Precautions: myocardial infarction, arrhythmia (history), chronic heart failure and severe cardio-vascular system, severe lung disease (including asthma), epilepsy and seizures (in history), erosive and ulcerative lesions GIT (risk of bleeding from upper GIT), diabetes, and decompensated endocrine diseases, severe hepatic and / or renal failure, open-angle glaucoma, pregnancy and lactation.
Application of pregnancy and breastfeeding
Precautions: pregnancy, lactation
Use in hepatic dysfunction
Precautions: severe hepatic renal failure.
Use in renal impairment
Precautions: severe renal insufficiency.
Cautions
Unacceptably abrupt discontinuation of levodopa (with a sharp cancellation possible development of symptoms resembling neuroleptic malignant syndrome include muscle rigidity, fever, abnormalities in the psyche and the increased activity of CPK in serum).
Should be monitored for patients who took a sudden decrease dose or stop taking it, especially if the patient receives an antipsychotic medicine.
Not indicated for the removal of extrapyramidal reactions caused by drugs.
In the course of treatment is necessary to monitor the mental status of the patient’s pattern of peripheral blood.
Foods high in protein may interfere with absorption.
Glaucoma patients against taking the medication regularly to control intraocular pressure.
Recommended to be taken with food or with a small amount of liquid, capsules, swallowed whole.

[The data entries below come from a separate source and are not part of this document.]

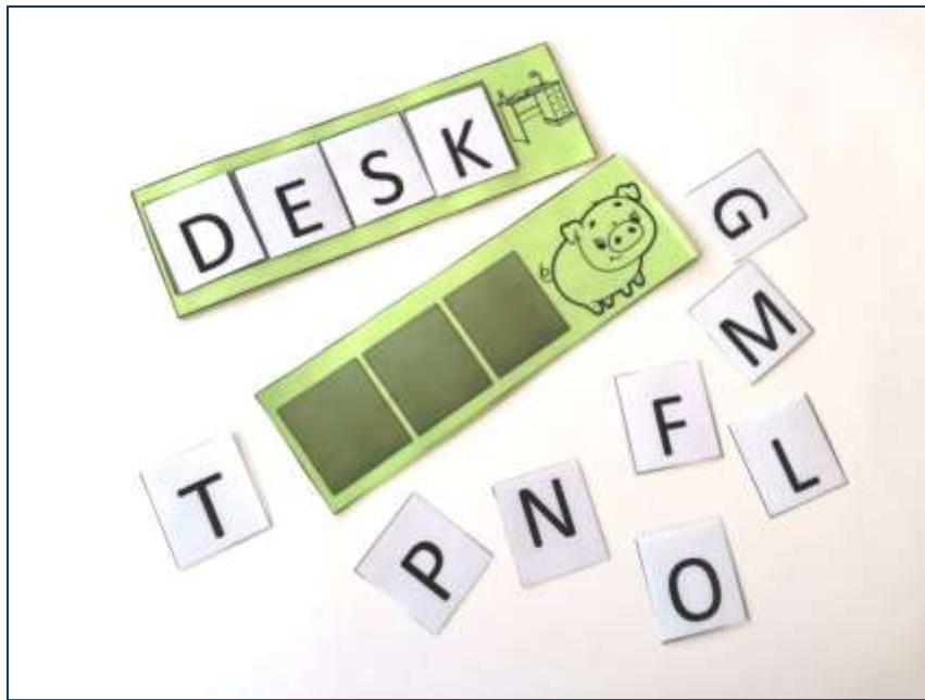
Прием «Собери слово»

Работа, направленная на изучение и закрепление слов и выражений, построенная необычным образом. Примеры приемов для 3-4 классов.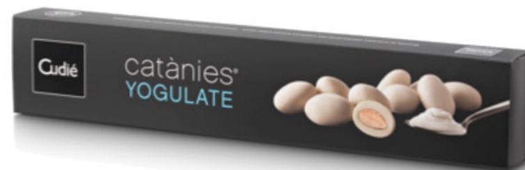
Estuche (250 g)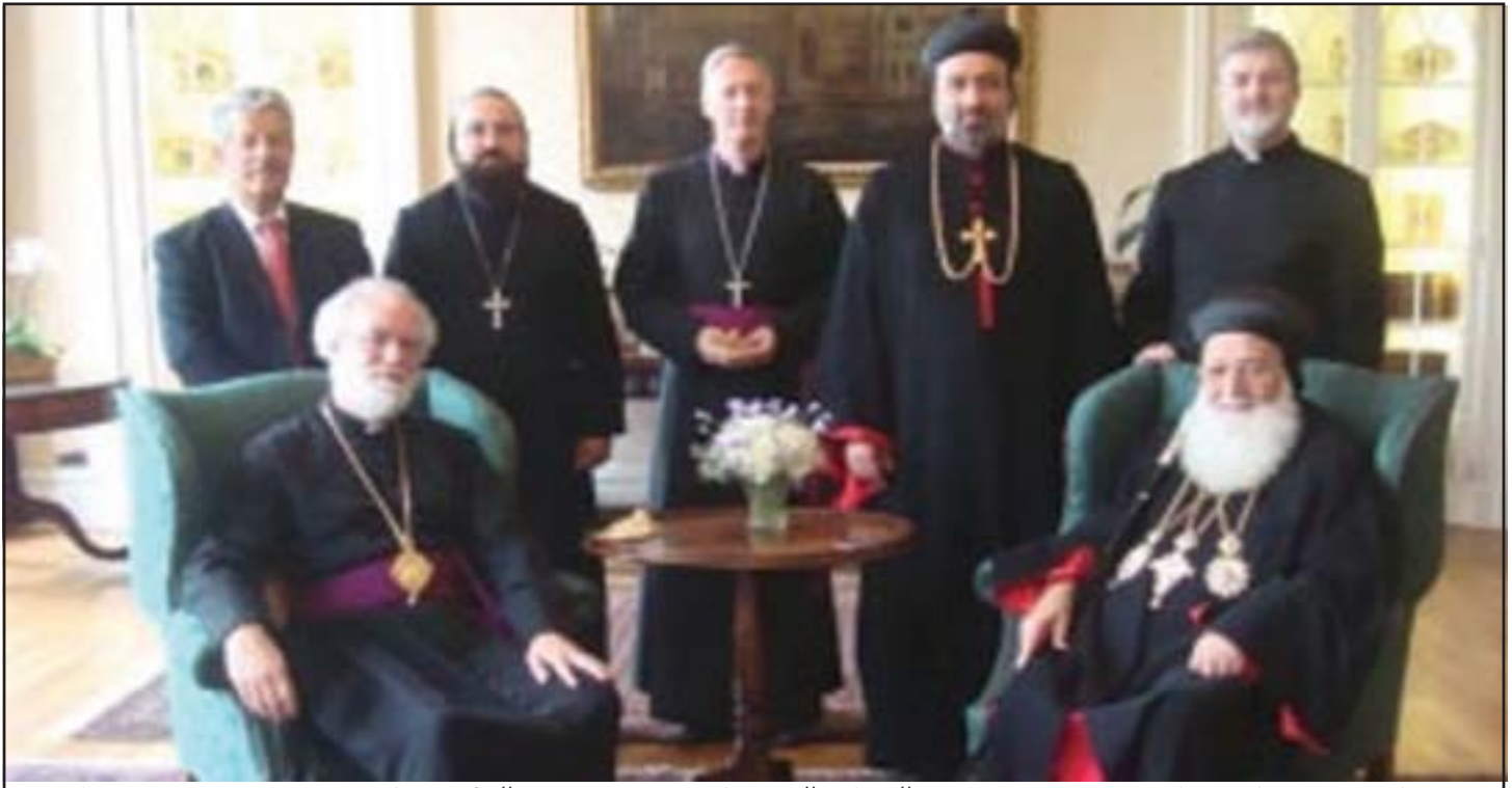
പരിശുദ്ധ സഖാ പ്രഥമൻ പാത്രിയർക്കീസ് ബാവ കാൻറബറി ആർച്ച് ബിഷപ്പ് റവ. ഡോ. റോവാൻ വില്യംസിനെ സന്ദർശിച്ചപ്പോൾ.

മലങ്കര സഭയിലെ കലഹം തീർക്കുവാൻ 1876-ൽ പരിശുദ്ധ പത്രോസ് തൃതീയൻ പാത്രിയർക്കീസ് ബാവ ലണ്ടൻ സന്ദർശിച്ചു. ഇതിനെക്കുറിച്ച് 1995-ൽ കാൻറബറി ആർച്ച് ബിഷപ്പ് ജോർജ്ജ്കാരി കേരളം സന്ദർശിച്ചപ്പോൾ മലയാള മനോരമ നടത്തിയ അഭിമുഖത്തിൽ പരിശുദ്ധ പത്രോസ് തൃതീയൻ പാത്രിയർക്കീസ് ബാവായെക്കുറിച്ച് ഇങ്ങനെ പറയുകയുണ്ടായി. ഓർത്തഡോക്സ് സഭയുമായുള്ള ബന്ധങ്ങൾ എങ്ങനെയാണ്? എന്ന മനോരമ ലേഖകന്റെ ചോദ്യത്തിന് ആർച്ച് ബിഷപ്പ് മറുപടി പറഞ്ഞതിങ്ങനെയാണ് സി.എം.എസ്. മിഷനറിമാരുടെ കാലത്ത്, കഴിഞ്ഞ നൂറ്റാണ്ടിന്റെ മധ്യത്തിൽ സിറിയൻ ഓർത്തഡോക്സ് സഭയുടെ പാത്രിയർക്കീസ് പീറ്റർ തൃതീയന്റെ കാൻറബറി ആർച്ച് ബിഷപ്പ് ആർച്ച് ബിഷപ്പ് റെൻഡിന്റെ ആതിഥ്യം സ്വീകരിച്ചു രണ്ടു വട്ടം ലണ്ടൻ സന്ദർശിച്ചു. അദ്ദേഹത്തിന്റെ ഛായാചിത്രം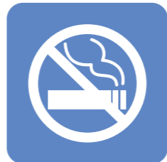
禁煙治療の 実施医療機関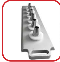
Règle avec douilles inox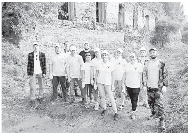
молодежь «Азота» косит траву, прибирает территорию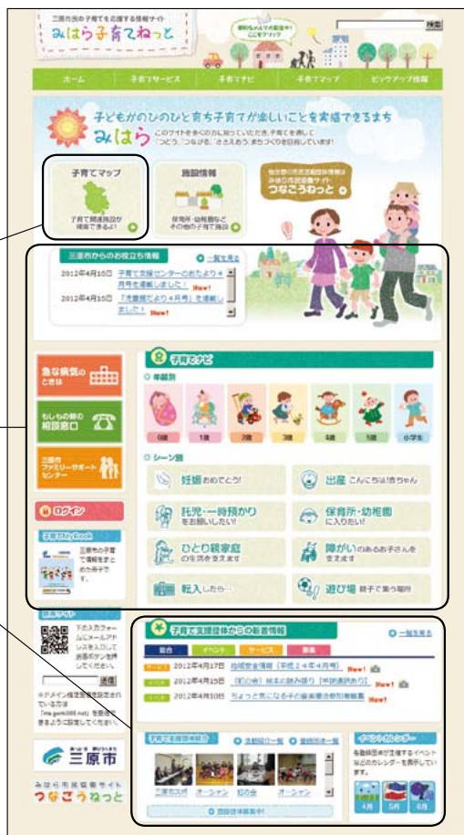
▲新しく開設した“みはら子育てねっと”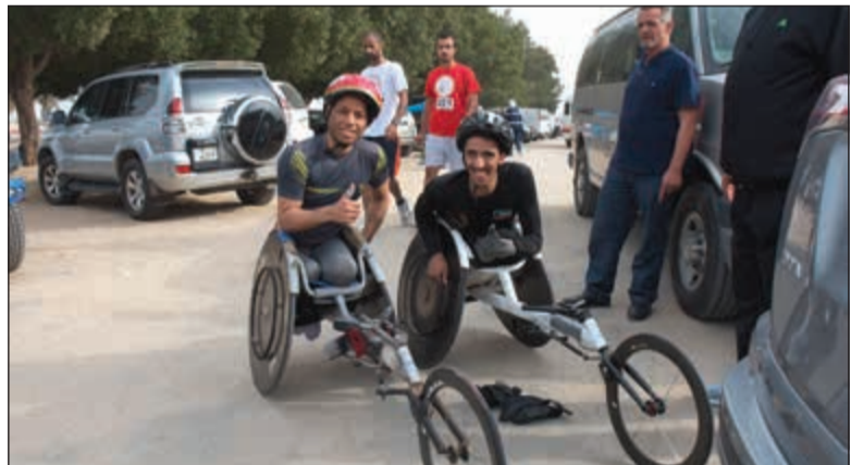
مشاركة من ذوي الاحتياجات الخاصة

وهو ضمن احتفالات المكتب بالأعياد الوطنية، لافتة إلى ان تخصيص نشاط رياضي ضمن الاحتفالات يندرج تحت مبدأ العقل السليم في الجسم السليم. وأشارت إلى مشاركة أكثر من 500 متسابق في مختلف الفئات أبرزها ذوو الاحتياجات الخاصة حيث يخصص الماراثون جانباً مهماً لهذه الفئة بالإضافة إلى فئة الرياضيين والفئات الموزعة وفق الأعمار. وتحدثت الأمير عن البرامج الخاصة باحتفال «شكر» الموجه بشكل خاص هذه السنة للجهات الحكومية التي عملت أثناء الاحتلال وكانت لها اسهاماتها في ذلك الوقت، لافتة إلى ان البرامج تبدأ يوم الأربعاء المقبل في حديقة

During long-term treatment is appropriate periodic monitoring of liver function, blood, kidneys and cardiovascular system.
Before a planned general anesthesia drug can be taken up until the patient permitted oral intake.

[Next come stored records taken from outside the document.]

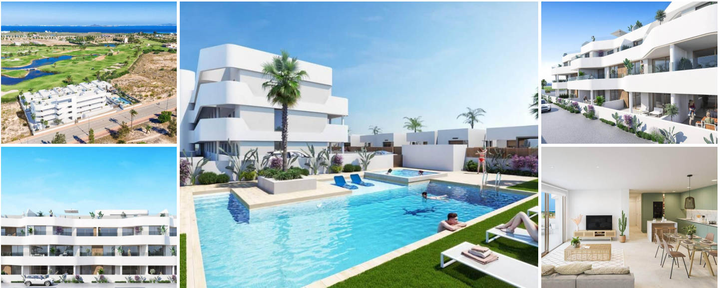
Neubau-Wohnanlage in Los Alcazares

Los Alcázares ist ein idyllischer Ort für diejenigen, die in eine neue Wohnimmobilie an der Costa Cálida investieren möchten. Nur 25 Minuten vom Flughafen Murcia und ca. 55 Minuten vom Flughafen Alicante entfernt, ist diese Gegend über die Autobahn bequem mit den großen Städten wie Cartagena, Murcia und Alicante sowie mit anderen schönen Stränden an der Costa Cálida und der Costa Blanca verbunden.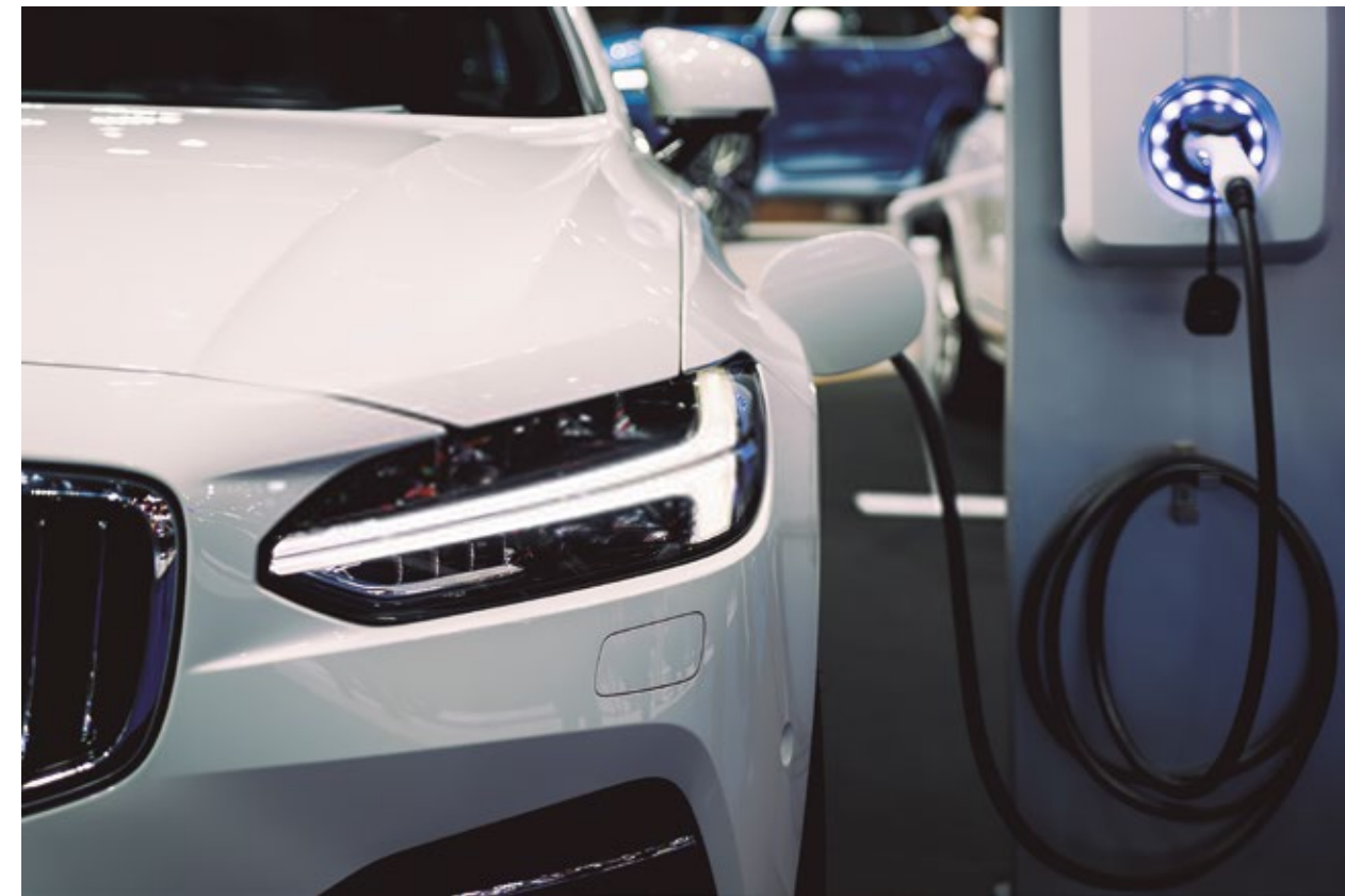
Estación de carga auto eléctrico.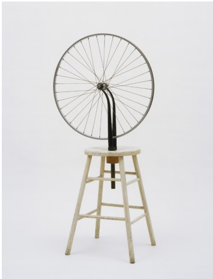
Marcel Duchamp, Kolo z bicyklu , 1913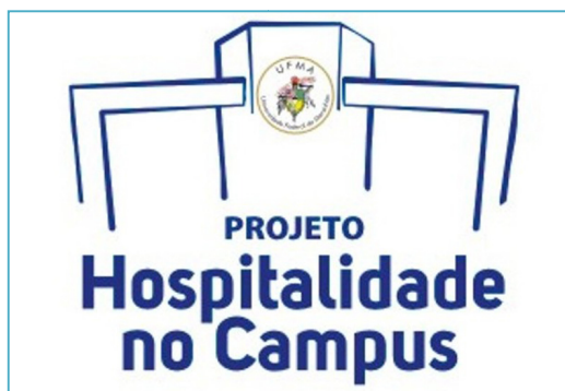
Figura 1 - Marca do Projeto Hospitalidade no Campus. Fonte: Andrade ( 2011, p. 5)

Para iniciar as atividades, o projeto precisava de uma identidade, logo elaboramos uma marca para o projeto. Com a participação de toda a equipe, chegamos à marca que remete ao novo pórtico de entrada da UFMA, para destacar que a hospitalidade na UFMA ser praticada desde a chegada (figura 1).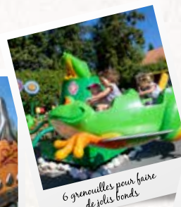
6 grenouilles pour faire de jolis bonds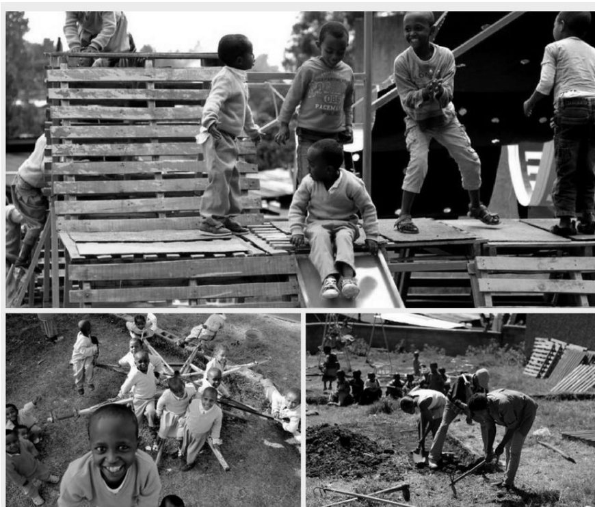
Rysunek 3. Plac zabaw zaprojektowany na terenie sierocińca w Etiopii.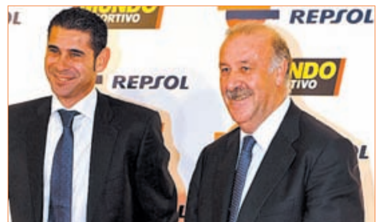
Hierro fue el principal responsable de la llegada de Del Bosque

Las principales novedades en la lista de Vicente Del Bosque para esta gira son la presencia en la lista de Borja Valero y Manu Del Moral, dos jugadores que todavía no saben lo que es vestir la 'Roja', así como el regreso de algunos futbolistas que ya estuvieron citados con la selección en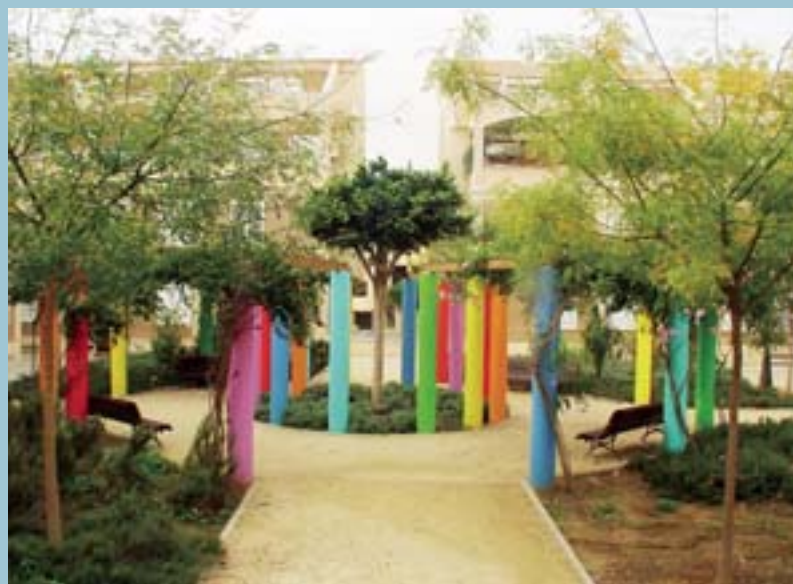
Plaça de la Concòrdia

Amb la instal·lació d'aquest nou col·lector se solucionarà l'actual problema de retorn d'aigües a aquesta zona. A més a més, el col·lector del carrer Colón quedarà molt alleugerit de la seua càrrega actual, cosa que també millorarà el seu comportament davant pluges torrencials.

After surgery, the usual dose may be appointed again as soon as the patient will be able to take the drug orally.
Effects on ability to drive vehicles and management mechanisms
During the period of treatment must be careful when driving vehicles and occupation of other potentially hazardous activities that require high concentration of attention and quickness of psychomotor reactions.

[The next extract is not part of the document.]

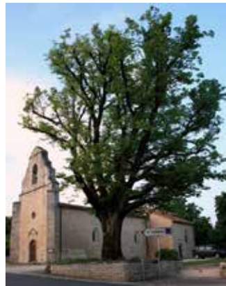
Eglise Saint-Sulpice de Tillou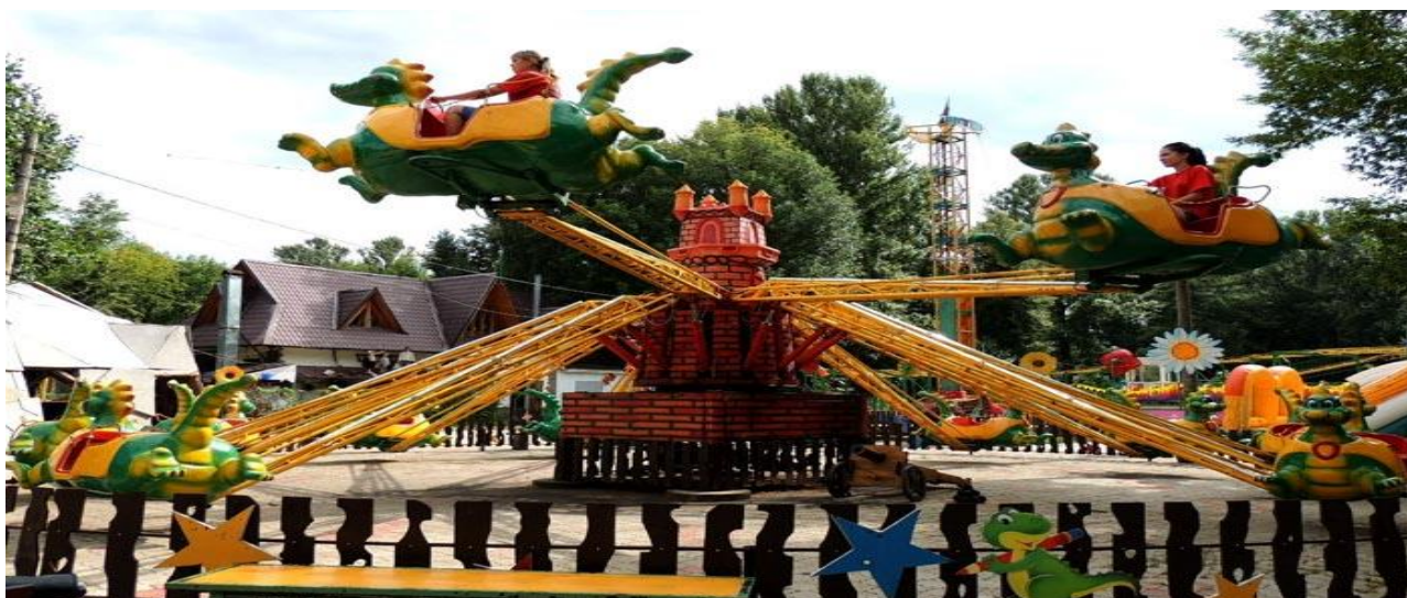
Развлечения в Парке 1 мая.

В Парке 1 мая также можно провести незабываемый день. Здесь кроме Детской железной дороги и Дельфинариума, есть всевозможные аттракционы, парк приключений «Таинственный остров», множество кафе, гриль-домик и т.д. А зимой здесь работает самый лучший каток «Северное сияние», горки и лыжи.

Overdose Carbidopa Levodopa
Treatment: gastric lavage, careful observation and ECG monitoring to detect arrhythmias, if necessary – antiarrhythmic therapy.
Drug Interactions Carbidopa Levodopa
With the simultaneous application of levodopa with beta-agonists, ditilina and medicines for inhalation anesthesia may increase the risk of cardiac arrhythmias; with tricyclic antidepressants – a decrease of bioavailability of levodopa, with diazepam, clozapine, phenytoin, clonidine, M-holinoblokatorami, antipsychotic drugs (neuroleptics ) – derivatives butirofenona, difenilbutilpiperidina, thioxanthenes, phenothiazines as well as pyridoxine, papaverine, reserpine may reduce antiparkinsonian action; with lithium therapy increases the risk of dyskinesias and hallucinations, with methyldopa – aggravating side effects.
With the simultaneous application of levodopa with inhibitors (except for MAO inhibitors type B) are possible circulatory disorders (receiving MAO inhibitors should be discontinued for 2 weeks). This is due to the accumulation under the influence of levodopa of dopamine and norepinephrine, which inhibited the inactivation of MAO inhibitors, and high probability of arousal, increased blood pressure, tachycardia, facial flushing and dizziness.
Patients receiving levodopa, the application of tubocurarine increases the risk of significant decrease of blood pressure.
Iron salts may decrease the bioavailability levodoy and carbidopa, the clinical significance of this interaction is unknown.
Although metoclopramide increases the bioavailability of levodopa, accelerating gastric emptying, however it may adversely affect disease control due to its antagonism of dopamine receptors.